Ostatnio zmieniony 28 lut 2014, 0:10 przez MarihuanaLeczy, łącznie zmieniany 1 raz.

Re: lecznicza marihuana

123
z zainteresowaniem czytam i wyrabiam sobie opinię
wybieram
temat okazał się bardzo ciekawy

tu są sami dorośli - mogą podejmować decyzje - moga czytać co chcą, moga napisać, że cos odrzucają i wszystko jasne

tak myślę, że jeśli posłowie mieli podzielone zdanie to zapewne jest o czym rozmawiać - nie sa to herezje - zapewniam
Ostatnio zmieniony 28 lut 2014, 0:31 przez baabcia, łącznie zmieniany 1 raz.
przechadzam się pomiędzy [email protected]

Re: lecznicza marihuana

124
MarihuanaLeczy pisze:I nie możemy dopuścić, żeby jakieś badania nam ten obraz zepsuły. Nie możemy i nie dopuścimy. Prawda?
I tu jest to sedno :D niczym wódz rewolucji...
Ostatnio zmieniony 28 lut 2014, 0:44 przez victoria, łącznie zmieniany 1 raz.
... Kiedy nie masz nic do podarowania, ofiaruj uśmiech ....

Re: lecznicza marihuana

125
wszystko wyjaśnione ? to kto jest za ? kto przeciw ? i kto sie wstrzymuje ?
ja jestem przeciw legalizacji ale za możliwością uprawy na swoim parapecie sadzonki na własny użytek.
Ostatnio zmieniony 28 lut 2014, 0:48 przez Ja?!, łącznie zmieniany 1 raz.

Re: lecznicza marihuana

126
Abesnai podrzucił ciekawego linka, który przeszedł zupełnie bez echa. Zachęcam wszystkich do rzucenia okiem, a nawet przestudiowania. Gdy zobaczyłem, że to strony poradni antynarkotykowej, pomyślałem sobie: oho, będzie to samo, co zawsze dają poradnie. (Nie wiem, czy mi uwierzycie: dla wyrobienia sobie jak najszerszego spojrzenia witryny poradni też odwiedzam.) Ale ponieważ -w odróżnieniu od niektórych tu obecnych- nie oceniam intencji, lecz tego, co kto mówi, przeczytałem. I zaskoczenie: fajny, obiektywny artykuł. Z jego autorami podjąłbym w jednym czy dwóch punktach polemikę, ale na argumenty zdecydowanie inne niż "marihuana jest zła, czemu tego wyraźnie nie piszecie?"
Ostatnio zmieniony 28 lut 2014, 0:54 przez MarihuanaLeczy, łącznie zmieniany 1 raz.

Re: lecznicza marihuana

127
Ja?! pisze:ja jestem przeciw legalizacji ale za możliwością uprawy na swoim parapecie sadzonki na własny użytek.
Tak mają w Hiszpanii: wolnoć Tomku w swoim domku dopóki nie narażasz innych obywateli. Jeżeli masz uprawę niewielkich ilości (prawo jednak nie precyzuje, co to jest niewielka ilość), to uprawiaj sobie, a potem pal do woli. Ale jeżeli masz więcej, a władza się o tym dowie, to przed sądem będziesz musiał udowodnić, że to dla siebie, a nie na handel. Bo za handel idzie się do więzienia.

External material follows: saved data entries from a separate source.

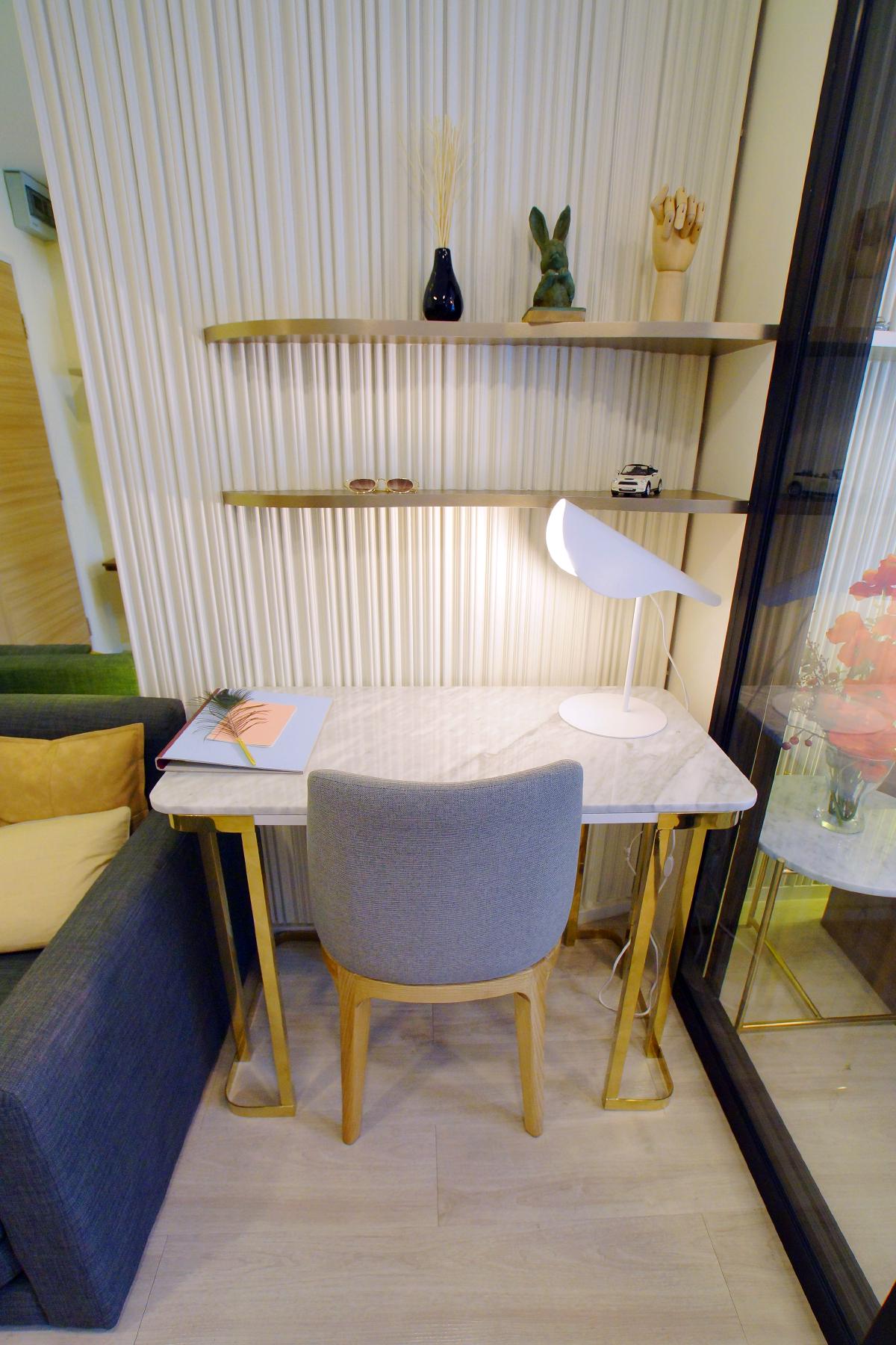 โต๊ะทำงานที่โครงการวางมาให้พอดีกับช่องว่างที่เหลือด้านข้างโซฟา ใครไม่ค่อยชอบทำการบ้านจะทำเป็นโต๊ะทานข้าวก็ได้อยู่ เผื่ออยากกินข้าวไปดูทีวีไป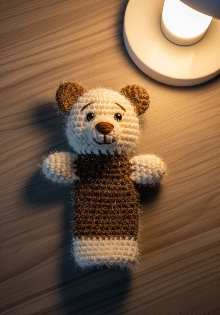 This darling forest friend features a soft cream-colored head paired with a rich chocolate brown body for a classic teddy bear look. The design uses fuzzy, medium-weight yarn that creates a wonderfully tactile and comforting surface, perfect for gentle play. Those tiny, rounded ears and the stitched-on chocolate nose give it a gentle, friendly expression, while the long, rectangular body provides plenty of room for a hand to fit inside comfortably. It has a lovely ribbed white trim at the very bottom, which adds a clean, finished touch to the base of this handmade character.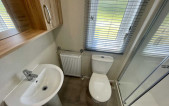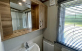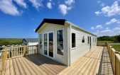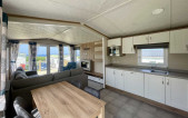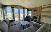 The Marlow, a bestseller from Pemberton and a popular choice among our caravan owners. Featuring an open-plan living space and central dining position, making it the perfect layout to make the most of the sea views overlooking Newgale beach. The sleek low level furniture in the lounge and chunky shelving is minimalistic in style creating a modern look. The teal colour scheme found in the curtains and accent chair, compliments the contemporary style whilst adding an air of tasteful elegance. Kitchen highlights include copious storage, white Shaker style doors, a generous counter top and an integrated microwave. Our favourite features include: -Open plan living space. -Wall mounted flame effect fire with remote control. -Integrated microwave. -En-suite to master bedroom (toilet & sink). -L-shaped sofa and co-ordinating accent chair with free standing dining table with fabric chairs.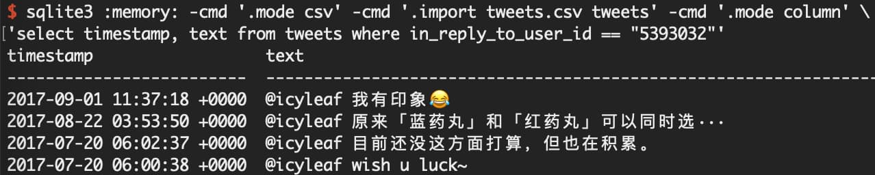 csv2sqlite tweets 'select * from tweets limit 1'

Aha, i mają jeszcze instytucję klubów konopnych: grupa ludzi się skrzykuje, tworzą regulamin, zanoszą go do sądu i tam się rejestrują. W regulaminie są m. in. wszyscy członkowie i liczba roślinek, które będą uprawiać. Jeżeli nie przekraczają tej liczby, jeżeli nie przychodzi do nich nikt spoza klubu, jeżeli nie udzielają "urobku" obcym - są legalni.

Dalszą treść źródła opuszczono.